Now here’s an attraction that genuinely merits the over-used term “world class.” A family operation for several generations, the Butchart Gardens has the taste and resources to do everything to perfection. In the “city of gardens,” this is the one to see. These 20 Eden-like hectares had their beginnings in 1904 when Jenny Butchart, the wife of a cement manufacturer, resolved to beautify an abandoned limestone quarry behind the family home at Tod Inlet on the Saanich Peninsula. She was a woman of tremendous energy – during the initial stages she had herself lowered over the quarry cliffs in a bosun’s chair to stuff ivy cuttings into any available crevice. Today, the Sunken Garden, with its rich palette of flowers and graceful, curving paths, has become as much a Victoria icon as the Empress Hotel or the Parliament Buildings.

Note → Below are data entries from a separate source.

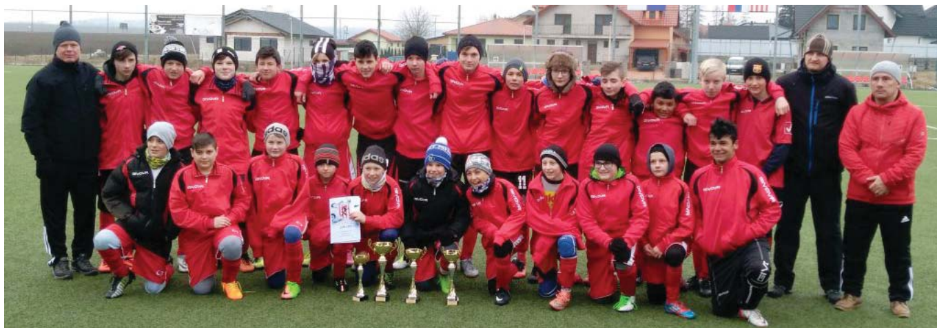
• V marci napísal svoju už deviatu časť Memoriál Lubomira Mačugu , ktorý je už tradične vyvrcholením zimnej prípravy. Turnaj je spomienkou na bývalého dlhoročného trénera mládeže.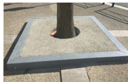
JARRET platelage arbre cadre résistant aux chocs rempli avec un agrégat organique ou minéral drainant. Panel de couleurs disponible.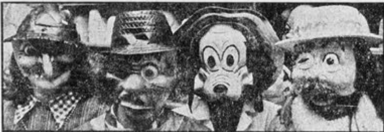
4 ekspeditriser viser sine «favoritt-masker». Av Pluto's ansiktsuttrykk skulle man tro hande- len gikk dårlig — noe som ikke er tilfelle. —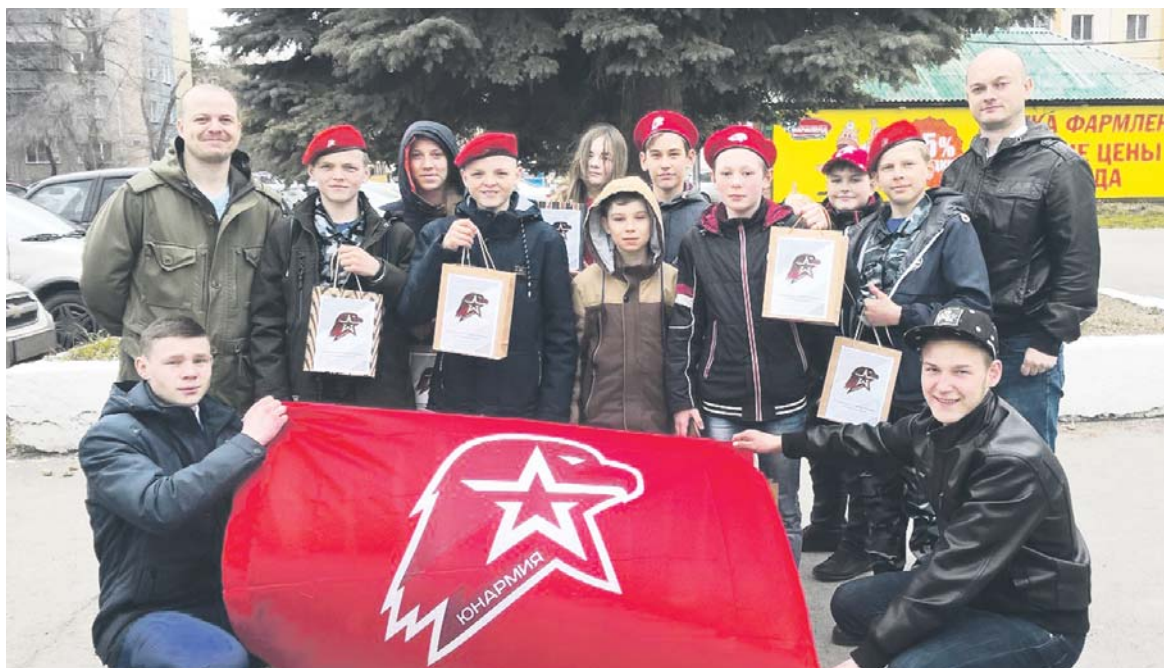
Делегация нашего округа на Втором региональном слёте ВДЮВПОД «Юнармия» в Челябинске

Юнармия — это всероссийское военно-патриотическое общественное движение (ВВПОД) в России, созданное в 2016 году. Его цель — патриотическое воспитание нового поколения российских граждан. Год назад и в нашем городе сформировались первые отряды.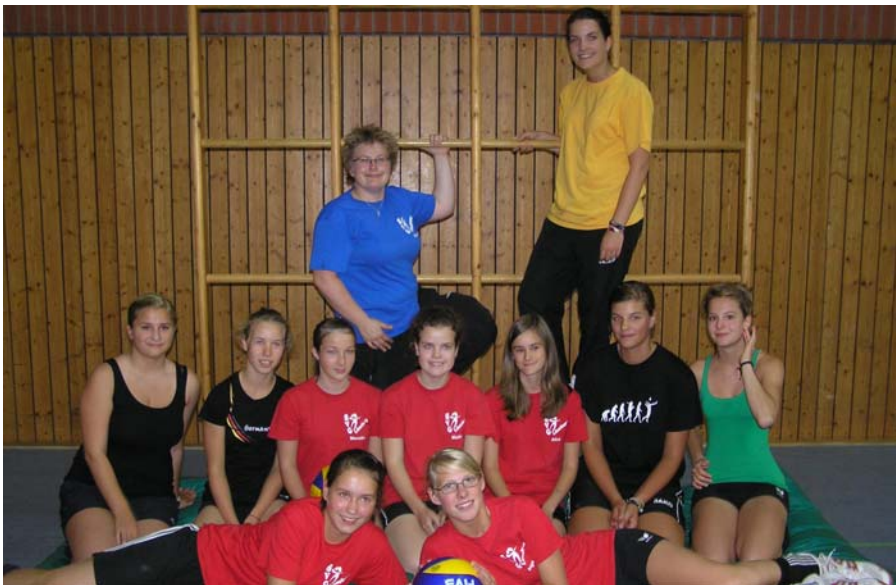
weibliche U16 und U18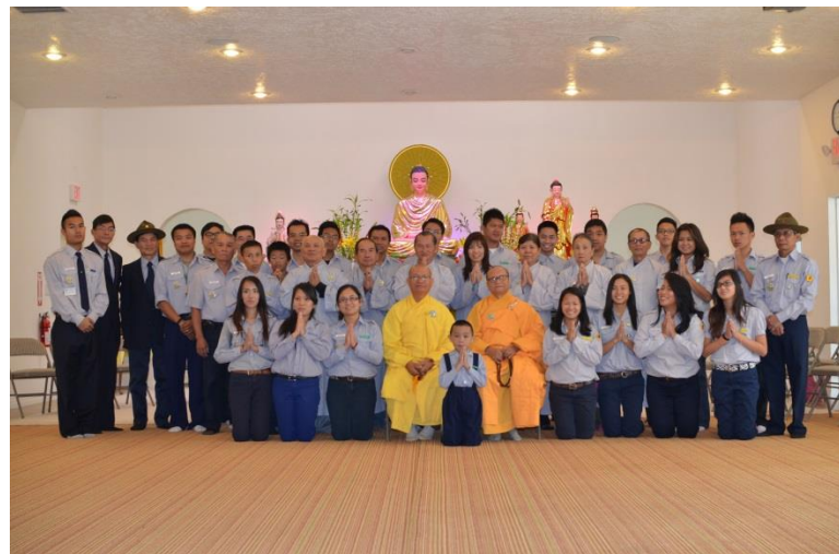
Chánh điện chùa Vạn Hạnh, New Mexico

The Rose Garden, at its best in July, delights the senses of sight and smell with its hundreds of varieties, all carefully labeled. The exquisite, tree-shaded Japanese Garden, appropriately serene, provides an oasis of delicate green foliage. The symmetrical Italian Garden, with its lily-dotted reflecting pool, brings you back to the entrance. But wait. No visit is complete without a second tour by night. From June to September, thousands of subtly placed lights transform the entire garden into a nocturnal wonderland quite different from its daytime counterpart. Trees seem to glow from within, and spotlights create a striking floral chiaroscuro. Most breathtaking of all is the celebrated Ross Fountain, whose endlessly changing sequence of water jets and lights produces a hypnotically beautiful effect. (And during the entire month of December, there is a stunning evening “light up” that celebrates Christmas like you’ve never seen – attractions include a skating rink, a brass band and carolers, and a dozen elaborately whimsical tableaux depicting the 12 days of Christmas.)

To help bridge the gap between day and night hours during summer months, the Gardens presents an incredible array of musical talent on their big outdoor stage. But the razzle-dazzle on stage is just a warmup for the real show, every Saturday night, when the Gardens shoots off a fortune in fireworks that are marvelously choreographed to a program of light classical music. Not-to-be-missed Butcharts is considered possibly the very best tourist attraction in the entire province.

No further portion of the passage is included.